Hi,
To visualize the distribution of atoms in the system by dividing it into a series of slices along the z-axis and creating a 2D black and white figure for each slice, following approach can be utilized. Assuming you have a 3D matrix "av_fin" prepared, where each row indicates an atom's position in 3D space with columns for x, y, and z coordinates, start by determining the range and desired number of slices along the z-axis. Then, iterate through each slice to identify the atoms it contains. For every slice, plot the 2D positions of these atoms.

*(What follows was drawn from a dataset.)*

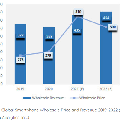 2021 智能手机平均批发价格为 310 美元/部,同比 11% 增长。智能手机批发的整体收入为 4350 亿美元,同比增长 21%。主要受益于发货量的反弹(对比 2020 年的疫情影响)。
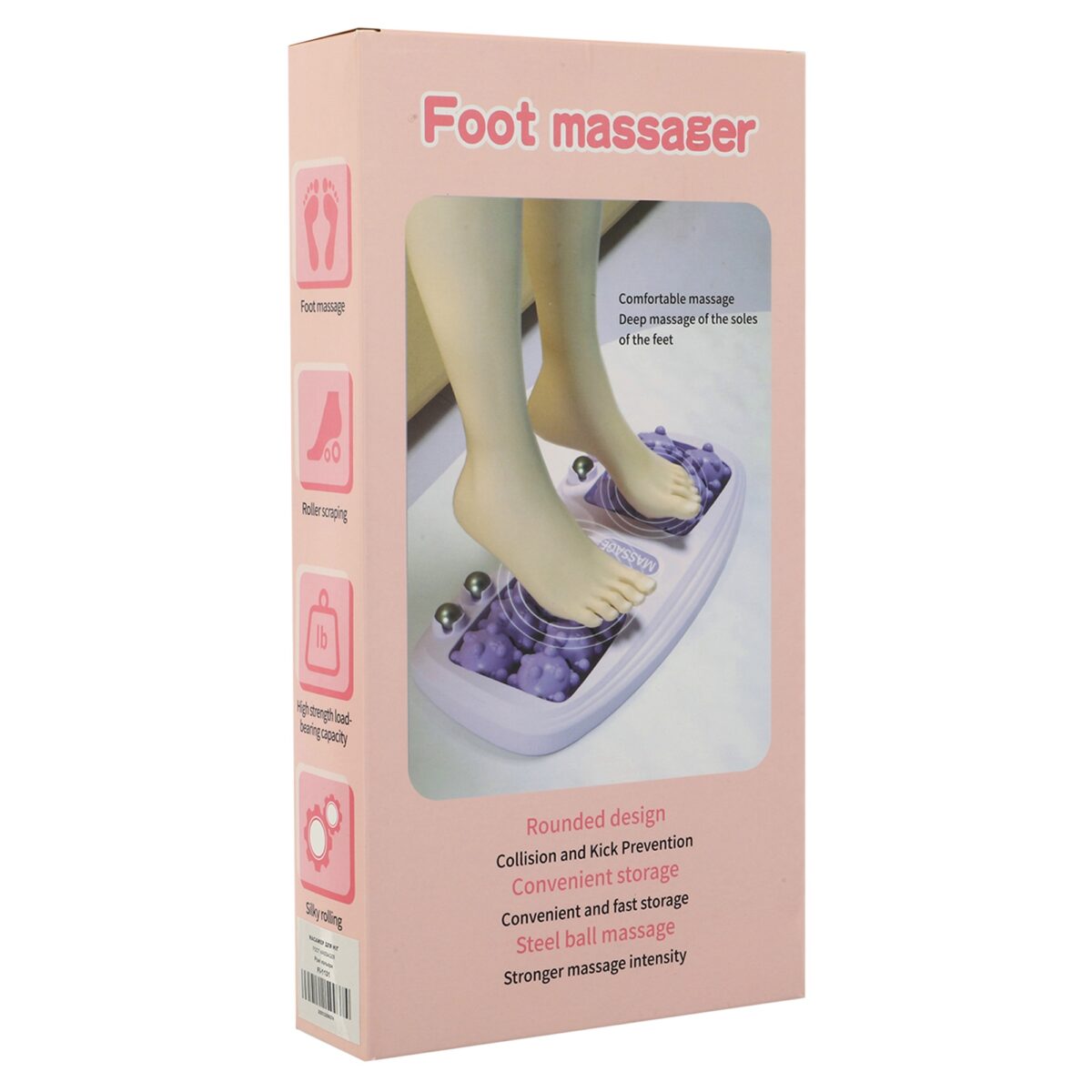 Массажер представляет собой компактное устройство длиной 27 см, шириной 14 см и высотой 3 см, выполненное из качественного пластика и металла. Основной элемент устройства — 16 роликов, которые обеспечивают глубокий массаж стоп, стимулируя активные точки на поверхности подошвы.

Here is an approach for the same:
% Assuming av_fin is your 21000x3 matrix
z_min = min(av_fin(:,3)); % Minimum z-coordinate
z_max = max(av_fin(:,3)); % Maximum z-coordinate
% Define the number of slices or the thickness of each slice
num_slices = 30; % For example, 30 slices
slice_thickness = (z_max - z_min) / num_slices;
% Create a folder to save figures if it doesn't exist
folderName = 'AtomSlices';
if ~exist(folderName, 'dir')
mkdir(folderName)
end
for slice = 1:num_slices
z_start = z_min + (slice - 1) * slice_thickness;
z_end = z_start + slice_thickness;
% Find atoms in the current slice
in_slice = av_fin(:,3) >= z_start & av_fin(:,3) < z_end;
atoms_in_slice = av_fin(in_slice, 1:2); % Get x and y coordinates
% Plot the atoms in the current slice
figure;
scatter(atoms_in_slice(:,1), atoms_in_slice(:,2), 'k.'); % 'k.' for black dots
axis equal; % Keep aspect ratio of x and y the same
xlim([min(av_fin(:,1)), max(av_fin(:,1))]);
ylim([min(av_fin(:,2)), max(av_fin(:,2))]);
title(sprintf('Slice %d', slice));
xlabel('X');
ylabel('Y');
% Save the figure
saveas(gcf, fullfile(folderName, sprintf('Slice_%d.png', slice)));
close; % Close the figure window
end
I hope this helps!